PFA, I’ll let your statement and my statements from the last year speak for themselves.
Joe from Brooklyn — I hate singling anybody out on a forum like this, and I’m sure you mean well… but dude, it’s your quasi-libertarian attitude that undermines the character and livability of so many new york neighborhoods.
BTW, the more that I look at the curb cut in the above picture the more tasteful and contextual it looks. I notice that the driveway is slopes DOWN to allow a larger-than-would-seem garage door that could accommodate today’s larger crossovers and SUV’s. Definitely far more handsome than from the downward driveways in those paleo-Fedders from the 1950’s and 60’s you see.
Gotta say, brownstone front yards are a joke to begin with, parking a car there doesn’t bother me (though knocking through a wall to install a garage seems kinda gross).
Probably half of the houses (brownstones, brick row houses, and former-brick-now-vinyl-siding-kill-me-please) on my block have gotten the parking treatment, and I can’t say they look any better or worse than the others.
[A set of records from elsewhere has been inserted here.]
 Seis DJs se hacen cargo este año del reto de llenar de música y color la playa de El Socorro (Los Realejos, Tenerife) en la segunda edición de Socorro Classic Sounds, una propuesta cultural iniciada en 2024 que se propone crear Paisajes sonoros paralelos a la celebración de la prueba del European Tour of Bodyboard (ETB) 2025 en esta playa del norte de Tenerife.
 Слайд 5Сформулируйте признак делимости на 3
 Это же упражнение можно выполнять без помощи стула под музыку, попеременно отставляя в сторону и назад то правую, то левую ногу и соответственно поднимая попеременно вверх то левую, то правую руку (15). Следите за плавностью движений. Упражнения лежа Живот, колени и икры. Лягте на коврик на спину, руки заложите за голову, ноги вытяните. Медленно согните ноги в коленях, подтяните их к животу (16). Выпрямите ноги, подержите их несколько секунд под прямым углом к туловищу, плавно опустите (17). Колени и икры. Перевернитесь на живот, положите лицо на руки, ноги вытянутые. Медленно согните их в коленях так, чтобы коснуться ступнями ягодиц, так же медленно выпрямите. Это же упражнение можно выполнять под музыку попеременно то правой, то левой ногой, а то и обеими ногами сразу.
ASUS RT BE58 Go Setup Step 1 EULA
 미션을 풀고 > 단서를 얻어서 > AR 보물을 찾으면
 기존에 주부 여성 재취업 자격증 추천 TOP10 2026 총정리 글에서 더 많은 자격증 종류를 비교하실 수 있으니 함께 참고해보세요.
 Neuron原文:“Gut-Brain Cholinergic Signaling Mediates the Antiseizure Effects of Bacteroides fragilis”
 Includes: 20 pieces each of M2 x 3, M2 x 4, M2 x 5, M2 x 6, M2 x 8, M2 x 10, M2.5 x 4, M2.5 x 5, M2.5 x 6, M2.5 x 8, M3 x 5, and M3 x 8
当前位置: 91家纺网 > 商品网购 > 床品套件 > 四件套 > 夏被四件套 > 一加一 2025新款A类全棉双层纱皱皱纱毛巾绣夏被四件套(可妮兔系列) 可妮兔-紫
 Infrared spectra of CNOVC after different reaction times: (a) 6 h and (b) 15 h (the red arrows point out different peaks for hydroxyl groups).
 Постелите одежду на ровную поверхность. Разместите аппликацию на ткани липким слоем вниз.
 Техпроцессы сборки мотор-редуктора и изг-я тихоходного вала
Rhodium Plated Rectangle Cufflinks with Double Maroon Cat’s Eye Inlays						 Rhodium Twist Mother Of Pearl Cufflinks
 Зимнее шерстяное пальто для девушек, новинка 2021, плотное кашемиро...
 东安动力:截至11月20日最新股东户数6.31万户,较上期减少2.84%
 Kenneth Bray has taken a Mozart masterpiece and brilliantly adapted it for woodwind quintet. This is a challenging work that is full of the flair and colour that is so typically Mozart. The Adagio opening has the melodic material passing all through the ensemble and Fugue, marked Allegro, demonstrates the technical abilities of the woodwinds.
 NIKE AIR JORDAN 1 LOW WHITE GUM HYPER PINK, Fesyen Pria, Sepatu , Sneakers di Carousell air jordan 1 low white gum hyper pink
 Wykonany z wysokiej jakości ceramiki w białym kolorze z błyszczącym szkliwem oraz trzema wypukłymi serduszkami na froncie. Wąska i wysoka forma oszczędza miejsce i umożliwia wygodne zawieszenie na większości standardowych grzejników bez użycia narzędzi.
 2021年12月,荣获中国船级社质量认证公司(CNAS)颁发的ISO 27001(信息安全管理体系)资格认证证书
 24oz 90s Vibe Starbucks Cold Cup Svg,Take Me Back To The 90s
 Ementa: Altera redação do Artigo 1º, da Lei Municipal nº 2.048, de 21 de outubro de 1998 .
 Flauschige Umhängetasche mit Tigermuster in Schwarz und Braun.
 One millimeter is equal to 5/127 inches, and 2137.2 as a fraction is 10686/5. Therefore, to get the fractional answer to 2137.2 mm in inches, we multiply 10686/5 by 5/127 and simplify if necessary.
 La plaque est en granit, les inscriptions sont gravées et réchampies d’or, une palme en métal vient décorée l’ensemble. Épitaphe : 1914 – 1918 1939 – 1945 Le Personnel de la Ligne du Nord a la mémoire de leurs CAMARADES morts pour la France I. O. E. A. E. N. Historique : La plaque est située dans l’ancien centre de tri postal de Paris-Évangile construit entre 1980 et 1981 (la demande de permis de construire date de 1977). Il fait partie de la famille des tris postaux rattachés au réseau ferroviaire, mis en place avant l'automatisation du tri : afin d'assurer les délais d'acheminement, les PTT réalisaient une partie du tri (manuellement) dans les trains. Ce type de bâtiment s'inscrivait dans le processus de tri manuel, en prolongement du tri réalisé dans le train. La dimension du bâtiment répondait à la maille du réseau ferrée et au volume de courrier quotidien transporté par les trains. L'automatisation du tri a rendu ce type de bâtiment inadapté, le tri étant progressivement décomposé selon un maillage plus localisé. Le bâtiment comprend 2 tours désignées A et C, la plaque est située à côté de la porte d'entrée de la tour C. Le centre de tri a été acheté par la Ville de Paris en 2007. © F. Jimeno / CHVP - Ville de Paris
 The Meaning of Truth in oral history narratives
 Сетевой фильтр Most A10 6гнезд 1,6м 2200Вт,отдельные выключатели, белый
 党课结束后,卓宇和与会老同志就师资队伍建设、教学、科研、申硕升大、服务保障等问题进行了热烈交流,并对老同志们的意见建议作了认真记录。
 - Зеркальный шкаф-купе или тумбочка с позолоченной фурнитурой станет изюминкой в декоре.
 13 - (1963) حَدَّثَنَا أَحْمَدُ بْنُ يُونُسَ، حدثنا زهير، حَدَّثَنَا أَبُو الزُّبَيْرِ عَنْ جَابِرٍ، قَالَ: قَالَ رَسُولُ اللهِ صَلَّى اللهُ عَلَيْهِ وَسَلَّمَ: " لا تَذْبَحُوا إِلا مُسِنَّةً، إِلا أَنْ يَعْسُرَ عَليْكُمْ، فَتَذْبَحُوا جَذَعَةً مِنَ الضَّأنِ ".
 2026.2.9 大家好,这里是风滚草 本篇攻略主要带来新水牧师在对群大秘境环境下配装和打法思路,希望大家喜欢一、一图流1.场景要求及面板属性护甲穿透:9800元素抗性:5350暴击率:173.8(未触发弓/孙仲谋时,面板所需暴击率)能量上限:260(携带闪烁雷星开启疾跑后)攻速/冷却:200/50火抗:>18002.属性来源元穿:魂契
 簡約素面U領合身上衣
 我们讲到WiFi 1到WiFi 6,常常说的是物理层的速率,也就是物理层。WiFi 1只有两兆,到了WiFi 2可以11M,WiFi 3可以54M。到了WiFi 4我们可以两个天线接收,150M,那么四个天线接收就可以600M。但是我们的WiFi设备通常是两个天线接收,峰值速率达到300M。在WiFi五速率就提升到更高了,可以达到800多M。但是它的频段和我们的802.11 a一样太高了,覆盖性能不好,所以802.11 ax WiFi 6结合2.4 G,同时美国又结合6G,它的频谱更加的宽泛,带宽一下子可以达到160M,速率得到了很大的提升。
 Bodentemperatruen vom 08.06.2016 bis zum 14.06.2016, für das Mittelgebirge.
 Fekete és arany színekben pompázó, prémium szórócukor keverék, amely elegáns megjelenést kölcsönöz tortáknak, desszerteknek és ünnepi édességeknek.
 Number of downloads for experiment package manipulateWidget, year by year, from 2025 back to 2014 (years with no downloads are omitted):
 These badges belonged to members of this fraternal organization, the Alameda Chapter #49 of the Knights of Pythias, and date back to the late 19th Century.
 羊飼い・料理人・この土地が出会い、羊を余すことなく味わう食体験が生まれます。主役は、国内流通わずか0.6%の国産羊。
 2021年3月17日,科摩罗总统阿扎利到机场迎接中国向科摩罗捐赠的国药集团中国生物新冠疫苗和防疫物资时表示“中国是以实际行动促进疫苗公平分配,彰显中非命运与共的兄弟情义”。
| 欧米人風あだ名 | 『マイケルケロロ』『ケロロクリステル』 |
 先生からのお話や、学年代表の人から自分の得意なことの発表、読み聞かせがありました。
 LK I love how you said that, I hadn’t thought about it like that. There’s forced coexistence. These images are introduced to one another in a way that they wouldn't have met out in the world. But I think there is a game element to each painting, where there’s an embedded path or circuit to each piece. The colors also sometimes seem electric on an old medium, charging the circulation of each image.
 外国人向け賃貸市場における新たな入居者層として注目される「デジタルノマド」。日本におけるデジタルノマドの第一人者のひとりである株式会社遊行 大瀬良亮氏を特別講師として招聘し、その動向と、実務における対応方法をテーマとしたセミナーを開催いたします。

ou812 — that’s the thing… IF they were built today, the whole neighborhood would be built to accommodate cars! Lots of examples are above. Brownstone Brooklyn ain’t that.
Garages and Curb cuts are a beutiful thing. I get to park my gas guzzlers when I want and I don’t have to circle for a spot. I don’t worry about taking my car out for short trips, because I’ll have a spot when I return. Alternate side parking, what’s that? The best part, since mine is legal, anyone who blocks me gets a ticket and a tow courtesy of NYPD. Let’s face it, if your brownstones were built today, they would all have parking. Put another log on the fire and deal with it.
An alleyway must cut the costs for garden renovations in half…
An average car is about 16′ long. A standard 1 car garage door such as the one pictured is 8′ wide. Even assuming a 1 car curb cut removes an entire street parking spot, it also adds one off street parking spot. Adding off street parking and removing on street parking in this manner has no impact to the overall parking capacity of a given area.
Yeah, Crown Heights South has many streets with alleyways, as well as quite a few blocks of semi-detached houses with shared driveways and double garages, one for each neighbor. These date from the early 1900’s to about the 1930’s. It’s a great feature of the neighborhood.